Марфа в кои-то веки разговаривала с матерью. Примерно раз в полчаса она выбегала из дома, где тут же заливалась слезами, прижимая к глазам заранее замоченное в тазу с ледяной водой полотенце или опустив лицо в таз, чтобы заглушить рыдания. После входила в дом, проговаривая для маткери, что, вероятно, простудилась и заболевает. И снова выходила «высморкаться», и всё по кругу.





Камилла чувствовала ее боль почти физически. Делая вид, что не замечает ничего, улыбаясь, ревела белугой, не разжимая рта. Семейный ужин, после которого, как она мечтала, должны были вернуться их добрые отношения и традиция регулярных посиделок, сегодня обрушил её надежды.

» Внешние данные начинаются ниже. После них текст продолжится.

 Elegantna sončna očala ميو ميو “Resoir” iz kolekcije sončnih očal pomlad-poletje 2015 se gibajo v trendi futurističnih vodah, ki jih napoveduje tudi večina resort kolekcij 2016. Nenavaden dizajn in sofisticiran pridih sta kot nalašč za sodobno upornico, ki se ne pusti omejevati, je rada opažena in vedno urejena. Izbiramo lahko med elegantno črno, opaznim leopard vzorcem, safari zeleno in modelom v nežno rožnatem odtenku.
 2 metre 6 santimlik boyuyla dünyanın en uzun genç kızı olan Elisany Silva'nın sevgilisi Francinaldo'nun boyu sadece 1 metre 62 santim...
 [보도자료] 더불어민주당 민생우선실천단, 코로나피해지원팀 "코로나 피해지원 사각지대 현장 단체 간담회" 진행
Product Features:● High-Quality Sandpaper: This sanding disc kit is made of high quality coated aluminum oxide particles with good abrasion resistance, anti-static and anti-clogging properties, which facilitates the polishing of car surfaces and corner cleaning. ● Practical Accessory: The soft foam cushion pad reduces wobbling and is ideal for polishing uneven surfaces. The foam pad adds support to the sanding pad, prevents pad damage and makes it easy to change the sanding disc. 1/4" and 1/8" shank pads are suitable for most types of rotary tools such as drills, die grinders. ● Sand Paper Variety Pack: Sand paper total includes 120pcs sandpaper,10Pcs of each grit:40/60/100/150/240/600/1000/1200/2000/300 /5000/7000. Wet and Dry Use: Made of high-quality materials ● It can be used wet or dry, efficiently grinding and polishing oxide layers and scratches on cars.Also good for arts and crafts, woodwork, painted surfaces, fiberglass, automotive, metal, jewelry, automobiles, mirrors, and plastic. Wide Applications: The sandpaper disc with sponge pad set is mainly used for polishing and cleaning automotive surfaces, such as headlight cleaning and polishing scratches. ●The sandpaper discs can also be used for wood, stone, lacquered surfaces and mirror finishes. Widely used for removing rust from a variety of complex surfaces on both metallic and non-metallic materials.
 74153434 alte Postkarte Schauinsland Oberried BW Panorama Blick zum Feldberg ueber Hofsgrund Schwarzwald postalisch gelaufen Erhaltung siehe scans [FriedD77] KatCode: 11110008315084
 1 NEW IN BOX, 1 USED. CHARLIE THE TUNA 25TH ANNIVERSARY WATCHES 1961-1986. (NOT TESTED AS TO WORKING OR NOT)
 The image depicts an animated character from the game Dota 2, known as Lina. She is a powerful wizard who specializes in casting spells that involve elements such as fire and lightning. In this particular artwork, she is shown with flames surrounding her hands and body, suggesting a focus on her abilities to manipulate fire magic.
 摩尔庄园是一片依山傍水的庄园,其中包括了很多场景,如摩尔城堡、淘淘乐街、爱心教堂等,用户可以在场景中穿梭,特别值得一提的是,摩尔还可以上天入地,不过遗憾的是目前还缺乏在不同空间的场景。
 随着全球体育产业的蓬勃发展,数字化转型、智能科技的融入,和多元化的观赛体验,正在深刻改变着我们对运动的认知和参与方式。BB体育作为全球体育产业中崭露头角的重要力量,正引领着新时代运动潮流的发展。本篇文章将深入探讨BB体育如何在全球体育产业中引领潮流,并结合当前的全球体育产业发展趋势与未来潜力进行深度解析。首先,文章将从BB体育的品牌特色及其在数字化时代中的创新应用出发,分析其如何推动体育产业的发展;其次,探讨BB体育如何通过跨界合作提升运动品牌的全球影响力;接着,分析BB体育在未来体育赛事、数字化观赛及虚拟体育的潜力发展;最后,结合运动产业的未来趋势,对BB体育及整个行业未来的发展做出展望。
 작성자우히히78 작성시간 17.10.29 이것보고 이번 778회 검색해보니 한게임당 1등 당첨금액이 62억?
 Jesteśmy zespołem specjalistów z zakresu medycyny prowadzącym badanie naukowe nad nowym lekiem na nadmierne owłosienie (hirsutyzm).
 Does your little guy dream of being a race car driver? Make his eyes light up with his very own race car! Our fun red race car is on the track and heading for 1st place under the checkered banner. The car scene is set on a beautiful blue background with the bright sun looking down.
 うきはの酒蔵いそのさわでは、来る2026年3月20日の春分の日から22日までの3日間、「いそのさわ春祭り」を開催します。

Ночью, дождавшись, когда мать, собрав со стола остатки ужина, уляжется, а сестра, искусав руку и щеку, все же выйдет к своему мальчику с гитарой, Марфа обошла дом. Здесь никто обычно не бывал. Именно там, на старом диване, только узнав друг друга, полгода назад находили уединение юные любовники… Именно там она и сожжет свои стихи к нему и свою память вместе с ними.

Костер горел несколько часов. Когда небо стало светлеть, а ветер донес до оглохшей Марфы звуки чужих голосов, она потушила костер, а то, что не успело сгореть, порвала.

Ранним утром, выйдя из дому на службу, среди запахов нового дня Камилла услышала тонкий пронзительный дух несчастья. Он подползал с противоположной стороны дома запахом гари.

Кинувшись на задворки, она застыла. Серая, беленая в прошлом году стена стала черной, а на месте старого дивана была теперь аккуратно, словно очерченная по линейке, невысокая горстка серого пепла, из которого зловеще и угрюмо торчали четыре почерневшие пружины. Стена вяло дымилась…

Вбежав в дом, женщина обнаружила, что они одной из дочерей нет дома.

Тогда она сама стала таскать ведра и заливать тлеющую стену, прилегавшую к её спальне. Когда работа была закончена, Камилла разразилась рыданиями, изливая страх за всех и одиночество, благодарность за чудо и разочарование. Когда поток иссяк, заметила в пепелище ночного костра недоеденные пламенем белесые клочки бумаги.

Камилла собрала каждый лоскуток и мизерными шагами подошла к разгадке. Вот что удалось собрать:

Вечер закружился черной птицей

над моей больною головою.

ни лечиться, ни напиться, ни забыться:

обручились мы вчера с моей тоскою.

Зачехлили шпаги, обнажили души,

Выпили по браге.

Вымылись под душем.

Расстелили скатерть.

Постелили ложе.

Спите мирно, люди,

вас не потревожим…

Утра не настало – заигрались с милой.

перепутал с ложем я свою могилу…

Камилла сидела, глядя в одну точку, и чертяка из подворотни периферийного зрения открыл ей тайну, потерянную памятью.

Собравшись с силами, расчертив безмолвие пространства черно-белыми «за» и «против», истоптав половину подошвы в метании из угла в угол, она приняла мучительное решение: если дочь сломается и решит вернуться к бывшему, она пойдет на всё, даже на крайние меры.